Print the data exactly as written, but leave out each picture.

Information provided:
========

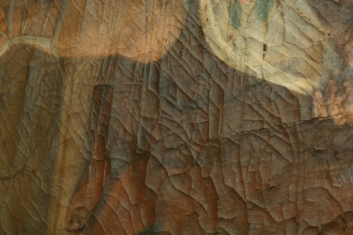 Oljni premaz (temnejši) z ostanki škrobnega lepila (belo). V spodnjem delu že odstranjena.
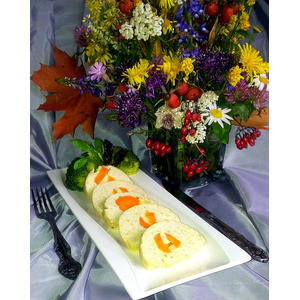 Описание: Вкусный, нежный рулет из филе индейки, овсяных хлопьев с сыром и морковью.
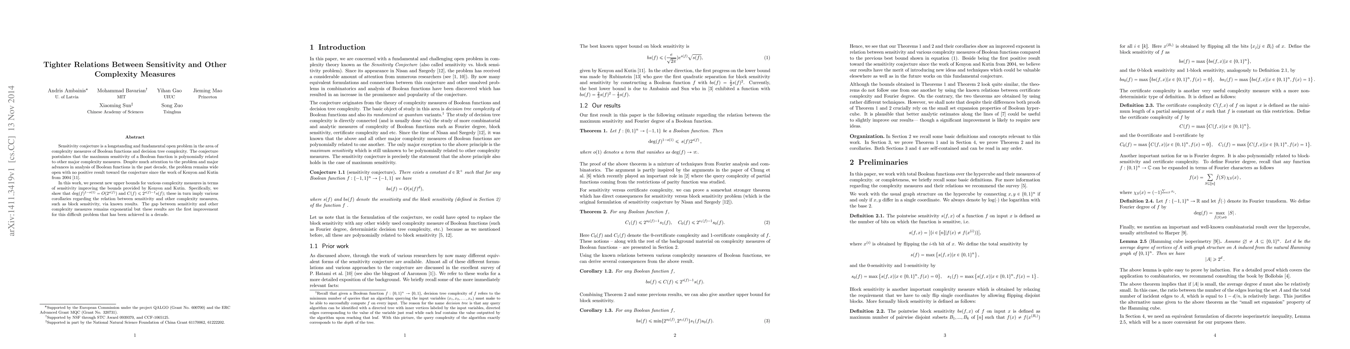 This paper presents new upper bounds for complexity measures in Boolean functions, improving previous results by Kenyon and Kutin. It shows that deg(f)^{1-o(1)} = O(2^{s(f)}) and C(f) < 2^{s(f)-1}, providing the first progress in a decade on the longstanding Sensitivity Conjecture.
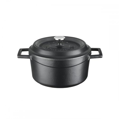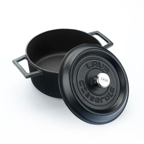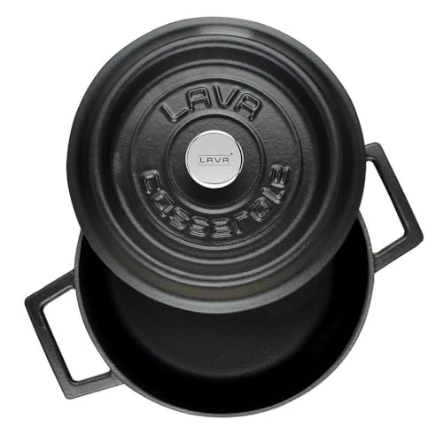 LAVA - كسرولة LV Y TC 20 K2 دائرية من الحديد المصبوب بمقابض ذاتية من الحديد المصبوب من لافا - مقاس 20 × 20 سم - لون أسود

========

Result of the task:
 Oljni premaz (temnejši) z ostanki škrobnega lepila (belo). V spodnjem delu že odstranjena.
 Описание: Вкусный, нежный рулет из филе индейки, овсяных хлопьев с сыром и морковью.
 This paper presents new upper bounds for complexity measures in Boolean functions, improving previous results by Kenyon and Kutin. It shows that deg(f)^{1-o(1)} = O(2^{s(f)}) and C(f) < 2^{s(f)-1}, providing the first progress in a decade on the longstanding Sensitivity Conjecture.
 LAVA - كسرولة LV Y TC 20 K2 دائرية من الحديد المصبوب بمقابض ذاتية من الحديد المصبوب من لافا - مقاس 20 × 20 سم - لون أسود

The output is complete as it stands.